══ PROVIDED ENTRIES ══

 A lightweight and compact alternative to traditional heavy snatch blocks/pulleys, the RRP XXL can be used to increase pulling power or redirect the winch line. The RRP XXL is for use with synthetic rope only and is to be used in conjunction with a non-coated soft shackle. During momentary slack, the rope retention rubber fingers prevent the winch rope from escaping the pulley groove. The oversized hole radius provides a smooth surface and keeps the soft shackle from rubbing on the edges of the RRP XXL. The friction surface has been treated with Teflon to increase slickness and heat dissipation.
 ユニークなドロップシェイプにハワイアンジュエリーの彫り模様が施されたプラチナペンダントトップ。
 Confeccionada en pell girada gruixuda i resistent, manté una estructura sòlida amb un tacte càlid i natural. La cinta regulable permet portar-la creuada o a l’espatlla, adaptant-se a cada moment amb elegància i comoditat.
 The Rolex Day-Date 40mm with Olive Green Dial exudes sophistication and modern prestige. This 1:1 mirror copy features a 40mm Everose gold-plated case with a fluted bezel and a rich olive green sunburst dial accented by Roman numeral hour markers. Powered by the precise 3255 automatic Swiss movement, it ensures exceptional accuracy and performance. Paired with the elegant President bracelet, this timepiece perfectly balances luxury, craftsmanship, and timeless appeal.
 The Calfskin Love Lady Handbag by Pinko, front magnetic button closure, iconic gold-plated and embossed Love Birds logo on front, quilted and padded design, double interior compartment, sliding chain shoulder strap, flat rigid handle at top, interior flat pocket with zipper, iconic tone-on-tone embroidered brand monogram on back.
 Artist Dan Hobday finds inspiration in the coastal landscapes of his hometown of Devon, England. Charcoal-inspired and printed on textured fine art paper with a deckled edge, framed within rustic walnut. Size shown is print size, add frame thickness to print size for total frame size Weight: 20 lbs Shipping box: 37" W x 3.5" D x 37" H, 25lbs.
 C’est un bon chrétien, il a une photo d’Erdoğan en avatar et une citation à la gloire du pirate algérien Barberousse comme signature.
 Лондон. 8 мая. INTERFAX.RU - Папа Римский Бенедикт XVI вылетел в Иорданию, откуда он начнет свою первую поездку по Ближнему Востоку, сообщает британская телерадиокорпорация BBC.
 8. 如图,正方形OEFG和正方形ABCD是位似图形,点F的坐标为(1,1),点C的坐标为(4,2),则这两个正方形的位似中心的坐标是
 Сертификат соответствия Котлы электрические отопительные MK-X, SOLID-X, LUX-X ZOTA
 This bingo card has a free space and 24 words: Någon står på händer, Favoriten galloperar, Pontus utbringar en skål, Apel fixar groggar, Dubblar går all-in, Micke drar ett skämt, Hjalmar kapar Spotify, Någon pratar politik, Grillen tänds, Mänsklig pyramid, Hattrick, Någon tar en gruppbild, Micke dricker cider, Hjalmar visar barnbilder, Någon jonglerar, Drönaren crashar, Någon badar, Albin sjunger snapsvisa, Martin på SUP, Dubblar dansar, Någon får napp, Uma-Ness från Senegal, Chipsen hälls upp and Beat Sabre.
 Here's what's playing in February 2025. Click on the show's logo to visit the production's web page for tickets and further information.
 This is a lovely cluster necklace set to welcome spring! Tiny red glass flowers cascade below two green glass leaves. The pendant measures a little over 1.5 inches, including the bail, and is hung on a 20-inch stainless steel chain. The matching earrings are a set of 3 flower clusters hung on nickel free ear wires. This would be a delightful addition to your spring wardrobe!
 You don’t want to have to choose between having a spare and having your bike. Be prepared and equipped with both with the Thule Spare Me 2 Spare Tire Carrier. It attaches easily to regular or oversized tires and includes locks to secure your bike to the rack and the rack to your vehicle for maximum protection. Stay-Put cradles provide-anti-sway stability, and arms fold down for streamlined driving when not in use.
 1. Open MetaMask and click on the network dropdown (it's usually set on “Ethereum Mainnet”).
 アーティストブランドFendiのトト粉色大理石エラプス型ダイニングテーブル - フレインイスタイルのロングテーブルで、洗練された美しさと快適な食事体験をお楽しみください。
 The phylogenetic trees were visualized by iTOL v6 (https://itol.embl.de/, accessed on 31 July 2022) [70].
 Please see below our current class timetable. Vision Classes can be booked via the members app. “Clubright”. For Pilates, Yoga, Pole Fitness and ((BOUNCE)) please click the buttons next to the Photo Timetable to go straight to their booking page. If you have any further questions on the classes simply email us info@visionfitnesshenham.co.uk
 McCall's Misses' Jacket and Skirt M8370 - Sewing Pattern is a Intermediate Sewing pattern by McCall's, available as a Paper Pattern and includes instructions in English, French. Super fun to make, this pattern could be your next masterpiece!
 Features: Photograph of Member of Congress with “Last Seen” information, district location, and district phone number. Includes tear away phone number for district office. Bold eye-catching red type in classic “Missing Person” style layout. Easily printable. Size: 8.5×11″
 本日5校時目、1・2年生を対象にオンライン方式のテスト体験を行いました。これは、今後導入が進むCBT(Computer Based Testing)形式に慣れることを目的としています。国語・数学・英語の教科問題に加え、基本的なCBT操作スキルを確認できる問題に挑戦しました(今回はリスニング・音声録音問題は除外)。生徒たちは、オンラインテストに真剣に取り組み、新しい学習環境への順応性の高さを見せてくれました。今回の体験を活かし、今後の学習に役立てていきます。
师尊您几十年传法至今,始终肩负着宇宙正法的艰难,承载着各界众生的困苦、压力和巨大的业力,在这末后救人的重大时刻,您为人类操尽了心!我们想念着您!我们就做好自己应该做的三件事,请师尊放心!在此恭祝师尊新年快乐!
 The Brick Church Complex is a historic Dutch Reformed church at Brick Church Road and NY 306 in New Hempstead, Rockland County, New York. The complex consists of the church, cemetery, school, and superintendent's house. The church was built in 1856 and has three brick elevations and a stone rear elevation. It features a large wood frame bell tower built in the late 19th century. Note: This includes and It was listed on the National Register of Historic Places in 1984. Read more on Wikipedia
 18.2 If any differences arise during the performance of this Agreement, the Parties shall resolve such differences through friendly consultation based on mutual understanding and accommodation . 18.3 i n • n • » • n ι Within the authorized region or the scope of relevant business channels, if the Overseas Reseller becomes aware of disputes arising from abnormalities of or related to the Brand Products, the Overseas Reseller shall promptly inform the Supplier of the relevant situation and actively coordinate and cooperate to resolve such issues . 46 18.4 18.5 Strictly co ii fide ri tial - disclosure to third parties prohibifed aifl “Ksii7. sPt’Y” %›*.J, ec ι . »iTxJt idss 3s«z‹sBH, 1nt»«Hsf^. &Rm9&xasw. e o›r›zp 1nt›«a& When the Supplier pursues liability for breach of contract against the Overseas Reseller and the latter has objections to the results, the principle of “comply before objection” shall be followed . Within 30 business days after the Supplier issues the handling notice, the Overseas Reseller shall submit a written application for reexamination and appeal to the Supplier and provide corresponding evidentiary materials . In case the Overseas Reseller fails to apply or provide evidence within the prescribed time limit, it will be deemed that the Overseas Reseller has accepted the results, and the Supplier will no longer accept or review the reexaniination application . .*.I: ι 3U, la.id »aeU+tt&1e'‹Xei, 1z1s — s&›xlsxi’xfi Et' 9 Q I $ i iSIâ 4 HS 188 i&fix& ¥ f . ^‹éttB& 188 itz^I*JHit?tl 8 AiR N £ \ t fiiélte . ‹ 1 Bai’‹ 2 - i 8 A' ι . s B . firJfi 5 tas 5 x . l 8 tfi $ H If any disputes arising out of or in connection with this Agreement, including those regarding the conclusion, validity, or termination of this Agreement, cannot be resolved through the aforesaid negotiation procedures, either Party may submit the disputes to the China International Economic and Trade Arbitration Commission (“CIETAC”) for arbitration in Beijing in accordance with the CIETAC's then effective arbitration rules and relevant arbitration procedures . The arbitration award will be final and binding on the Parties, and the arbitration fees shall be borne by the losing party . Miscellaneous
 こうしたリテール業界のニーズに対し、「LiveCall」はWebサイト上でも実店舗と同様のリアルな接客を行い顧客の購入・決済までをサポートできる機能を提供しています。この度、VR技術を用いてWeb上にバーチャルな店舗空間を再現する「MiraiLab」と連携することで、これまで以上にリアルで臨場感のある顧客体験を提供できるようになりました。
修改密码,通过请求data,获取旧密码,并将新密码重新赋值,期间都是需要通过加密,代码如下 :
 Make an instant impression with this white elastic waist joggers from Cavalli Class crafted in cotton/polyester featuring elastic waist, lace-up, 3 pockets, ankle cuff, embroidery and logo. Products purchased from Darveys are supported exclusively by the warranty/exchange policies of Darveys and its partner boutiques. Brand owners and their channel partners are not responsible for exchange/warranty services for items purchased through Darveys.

═══

The answer must consist of each line in the entries above that includes "further".

 Here's what's playing in February 2025. Click on the show's logo to visit the production's web page for tickets and further information.
 Please see below our current class timetable. Vision Classes can be booked via the members app. “Clubright”. For Pilates, Yoga, Pole Fitness and ((BOUNCE)) please click the buttons next to the Photo Timetable to go straight to their booking page. If you have any further questions on the classes simply email us info@visionfitnesshenham.co.uk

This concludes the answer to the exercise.